Craig Evans

Personal information
- Full name: Craig Neil Evans
- Born: 29 November 1969 (age 56) Harare, Zimbabwe
- Batting: Right-handed
- Bowling: Right-arm medium
- Relations: Brad Evans (son)

International information
- National side: Zimbabwe (1992–2003);
- Test debut: 11 September 1996 v Sri Lanka
- Last Test: 9 October 2003 v Australia
- ODI debut: 25 October 1992 v India
- Last ODI: 1 December 2002 v Pakistan

Career statistics
| Competition | Test | ODI |
| Matches | 3 | 53 |
| Runs scored | 52 | 764 |
| Batting average | 8.66 | 18.19 |
| 100s/50s | 0/0 | 0/2 |
| Top score | 22 | 96* |
| Balls bowled | 54 | 964 |
| Wickets | 0 | 21 |
| Bowling average | – | 40.38 |
| 5 wickets in innings | – | 0 |
| 10 wickets in match | – | 0 |
| Best bowling | – | 3/11 |
| Catches/stumpings | 1/– | 12/– |
- Source: CricInfo, 11 February 2006

= Craig Evans (Zimbabwean sportsman) =

Zimbabwean cricketer (born 1969)

Craig Neil Evans (born 29 November 1969) is a Zimbabwean cricketer.

==Cricket==
Evans played in three Tests, against Sri Lanka, India and Australia, but was considered as a specialist at the one-day game.
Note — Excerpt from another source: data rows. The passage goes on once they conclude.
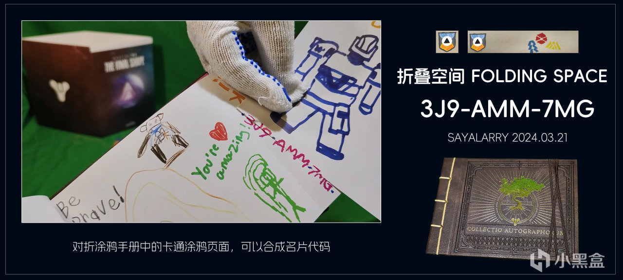 解密過程:需要在這本充滿塗鴉的手冊中找到卡通活頁,可以發現頁邊和其中某處,有紅色的疑似數字的標記。把他們彎曲對齊,就是摺疊空間名片的代碼“3J9-AMM-7MG”
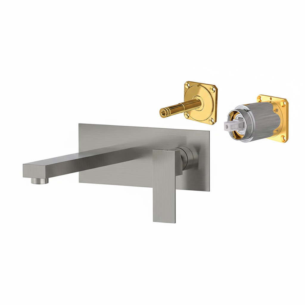 Bateria de lavoar încastrată din colecția Skyline se distinge printr-un design arhitectural modern, caracterizat de linii drepte și un profil minimalist. Finisajul "Visual Inox" oferă aspectul rafinat al oțelului inoxidabil periat, fiind o alegere ideală pentru băile contemporane ce pun accent pe texturi metalice calde și rezistență la amprente. Montajul ascuns pe perete eliberează complet zona lavoarului, creând o estetică aerisită și luxoasă. Pipa de 215 mm asigură un confort sporit în utilizare, fiind perfect adaptată pentru lavoarele de tip bol. Fabricată integral din alamă de înaltă calitate, această baterie din seria Skyline de la Daniel Rubinetterie îmbină precizia inginerească italiană cu un stil vizual de impact.
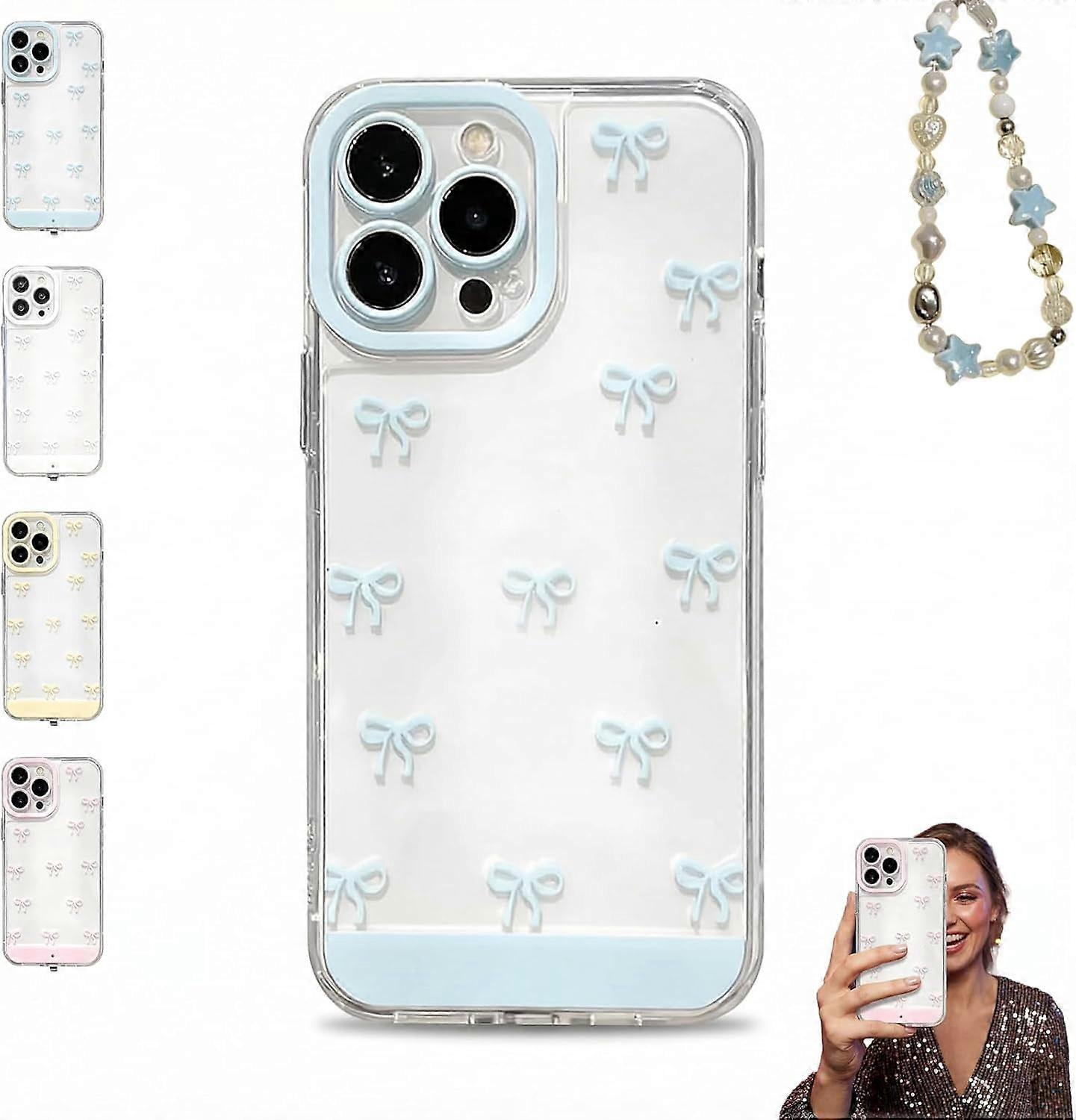 Vibrant LED Bowknot Phone Case—compatible with iPhone 11–17 Pro/Pro Max, incoming call flash, raised bezel, colorful glow (Blue)
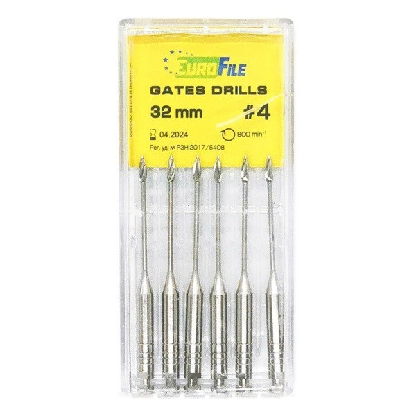 Gates Drills - дрильборы машинные, для расширения коронковой трети канала, 32 мм, размер 4, сталь, 6 шт
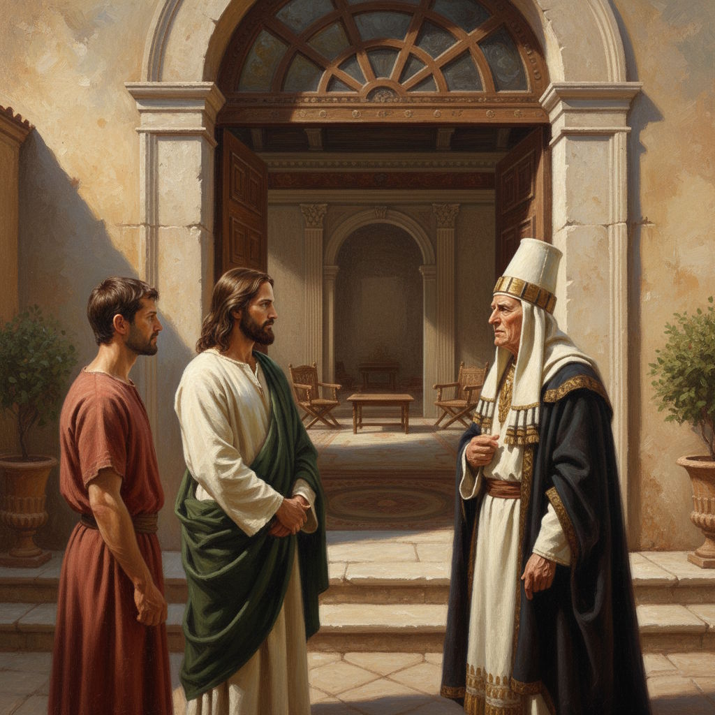 Pero el Maestro no se inmutó con aquel frío recibimiento. Sabía que podía ocurrir. ¡Qué difícil era confiar en estos hombres respetables pero tan orgullosos de sí mismos! Sostuvo la mirada del sumo sacerdote durante unos segundos, sin dejarse intimidar. Juan fue quien trató de borrar el mal comienzo, diciendo algo de forma atropellada acerca de la bondad de las enseñanzas de Jesús.
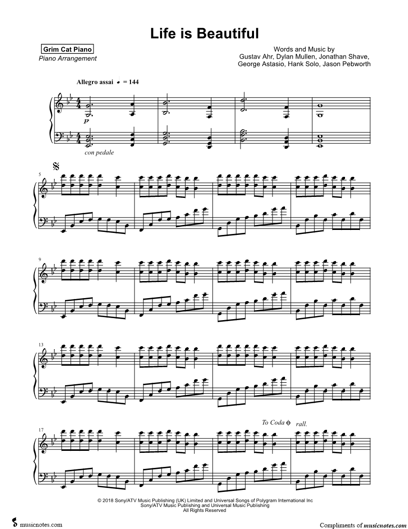 Many of the arrangements on Musicnotes have transpositions available, typically in C Major, as well as 3 sharps and 3 flats. If you do not see your desired key, you can request a transposition by reaching out to Customer Support.
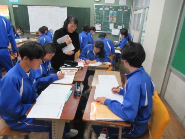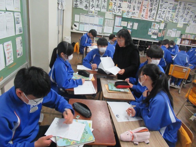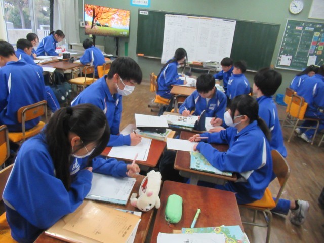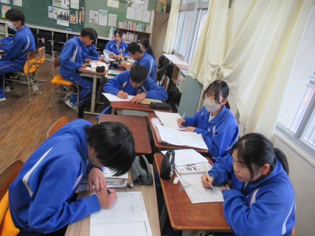 2B 家庭 2回目調理実習の計画を立てていました。1回目の実習はそろそろあるようで、計画書が班ごとに返されていました。ばっちりだったかな。
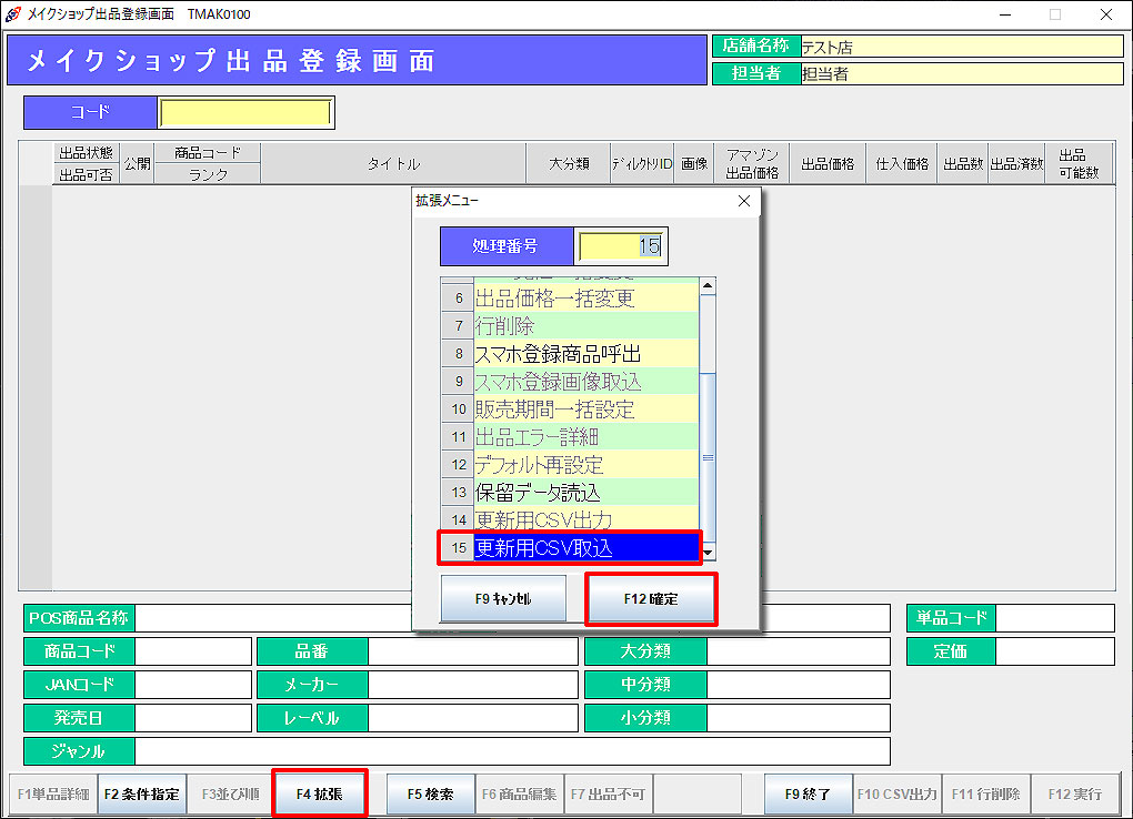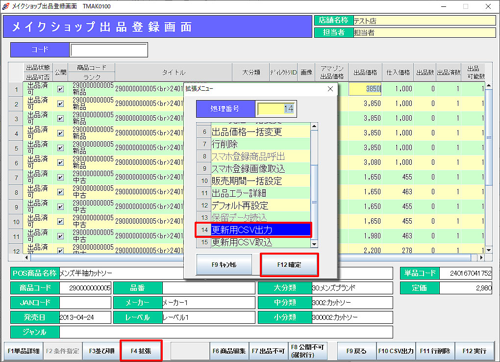 「F4拡張」メニューより「更新用CSV出力」を選択し、「F12確定」をクリックします。
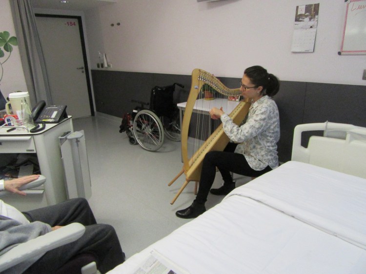La musica terapeutica integra i trattamenti mirati al controllo del dolore acuto e cronico, contrasta le sensazioni di ansia e solitudine mediante una relazione d’aiuto fondata sul linguaggio musicale e offre stimoli percettivi di alta qualità, utili nella sollecitazione di memorie in soggetti con grave deficit cognitivo. La musica d’arpa dal vivo contribuisce inoltre ad una profonda umanizzazione dei luoghi di cura percepiti da degenti, visitatori e membri dello staff.
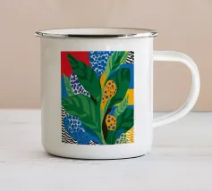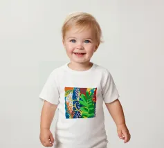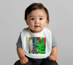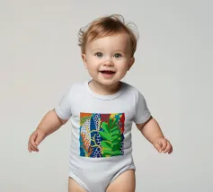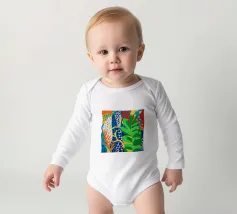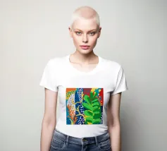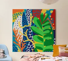 Un'esplosione di botaniche astratte e motivi dinamici in verdi, blu e arancioni vibranti, che ricordano una giungla densa e illuminata dal sole. La composizione è un vivace arazzo di colori e forme.
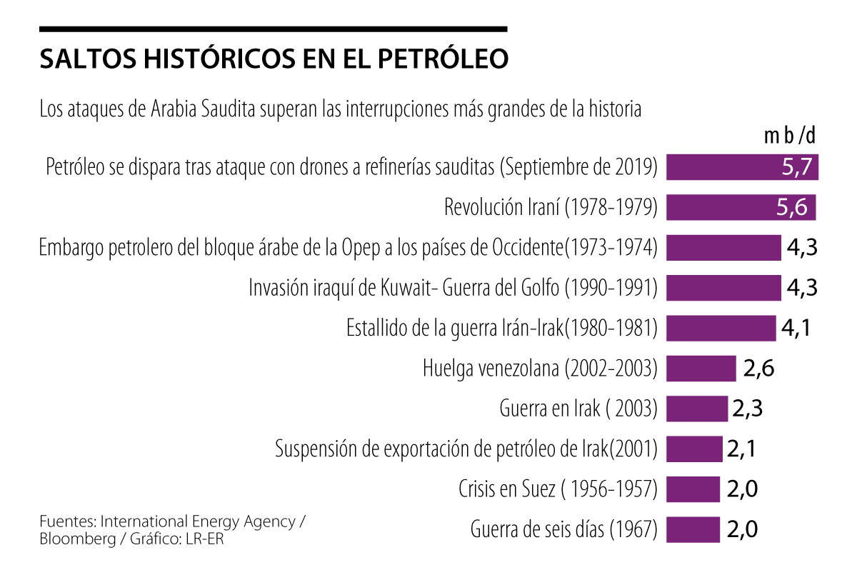 Además, esta se trata de la peor interrupción inesperada de los mercados del petróleo, aún mayor a la causada por la pérdida de suministro de crudo de Kuwait e Irak en agosto de 1990, o la de petróleo iraní en 1979 con la Revolución Islámica.

He appeared in the 1996 Cricket World Cup, with his highest international score 96 not out against Sri Lanka at SSC, Colombo in the Singer World Series in 1996.

In February 2020, he was named in Zimbabwe's squad for the Over-50s Cricket World Cup in South Africa. However, the tournament was cancelled during the third round of matches due to the coronavirus pandemic.